Борис Изюмский - Нина Грибоедова
«Провались слава, — сказал он однажды, — если она мешает избавить от гибели хоть одного несчастного!» В последнее время все чаще примечала Нина скорбную складку у его губ, морщинки озабоченной усталости, проступавшие под глазами. Как-то обнаружила седой волосок в его левой брови, хотела срезать, но не решилась — не обиделся бы. Да и зачем? Даже если он будет совсем седой, это не имеет никакого значения!
Самым большим наслаждением для нее было притвориться спящей, а самой сквозь пальцы незаметно смотреть, как он работает. Сидит в белоснежной рубашке за столом… Во всем облике — сосредоточенность, напряженная работа мысли. Он раскуривает трубку с чубуком, потом мягко начинает ходить по комнате, покусывая губу, ероша волосы. Вот снял очки и сразу стал походить на беспомощного ребенка.
Он любил придумывать слова. Бывало, спрашивал:
— Тебе нравится, Нино, слово водовмещательный?
Она отвечала, что не очень.
— А блуждалище?
— Это что же такое? — недоумевала Нина.
— Ну лабиринт!
У него свои любимые словечки. Если бормочет: «Злодейство!» — значит, дело не ладится. Сморщит нос, говорит с пренебреженьем: «Завиральные идеи», — значит, сомневается. А если с усмешкой произносит: «Кошачьи ухватки», — настроен благодушно.
Как-то Сандр сказал о своем критике: «Намарал на меня ахинею». Нина спросила, что означает это слово. Он, посмеиваясь, ответил:
— Ну вздор, нелепица, алала. Ахинейщик же — пустомеля вроде Репетилова, и потому остается только плюнуть на марателя и сказать по-французски — свинья!

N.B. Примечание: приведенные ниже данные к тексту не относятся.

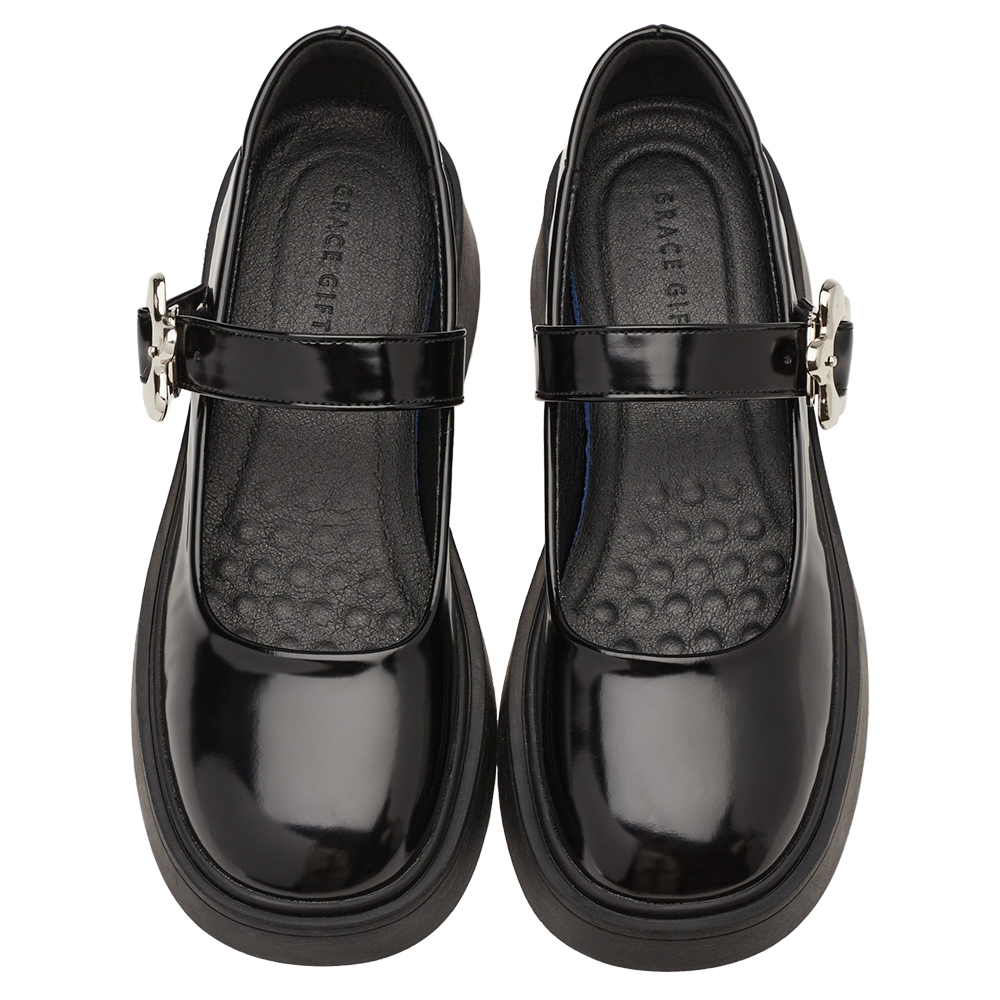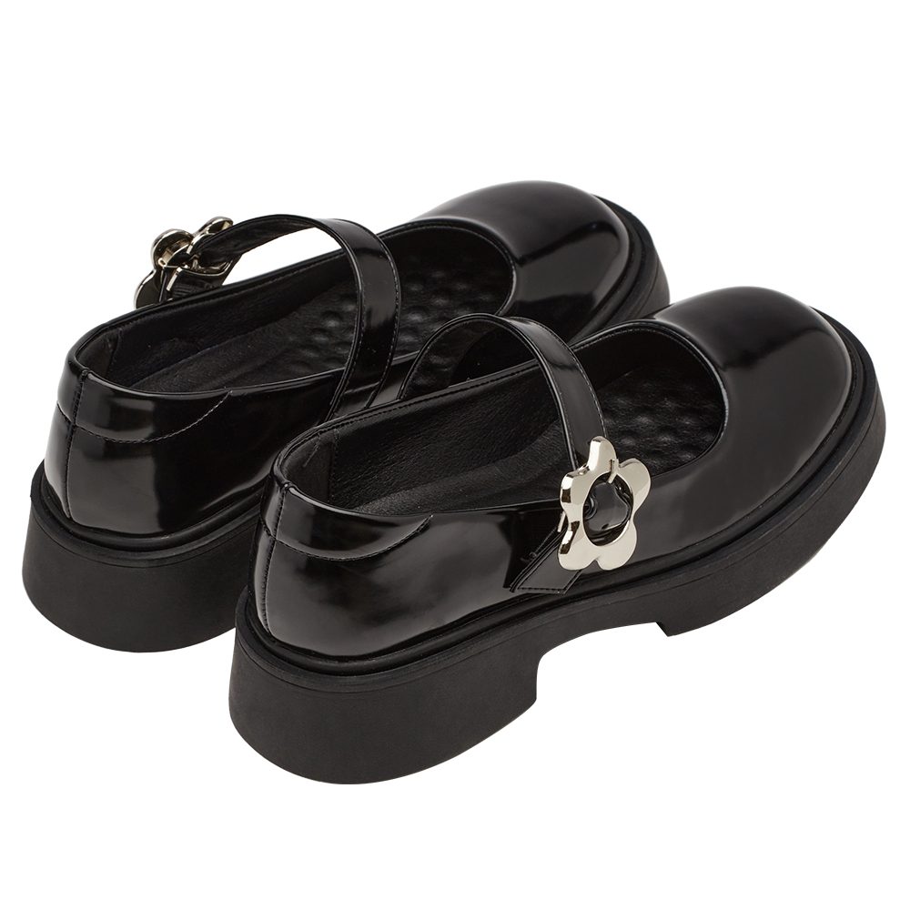甜酷少女金屬小花扣輕量瑪莉珍鞋 黑漆

Особенное удовольствие доставляло Нине играть с Александром в четыре руки. Исполняли Бетховена, Моцарта, Гайдна, и она — даже дух захватывало — поднималась вместе с Сандром на три музыкальной волне, что шла от него и придавала ее собственной игре легкость, силу. Сандр словно бы влек ее за собой, поддерживая и ободряя.
Нина вспомнила его нервные, длинные пальцы, и ей так захотелось почувствовать их прикосновение. Или припасть головой к груди Сандра и услышать его сердце, сквозь тонкую ткань рубашки вобрать запах его кожи. Она любила перебирать рассыпчатые волосы Сандра, приглаживать широкие брови. Он был весь ее — единственный, на всю жизнь данный.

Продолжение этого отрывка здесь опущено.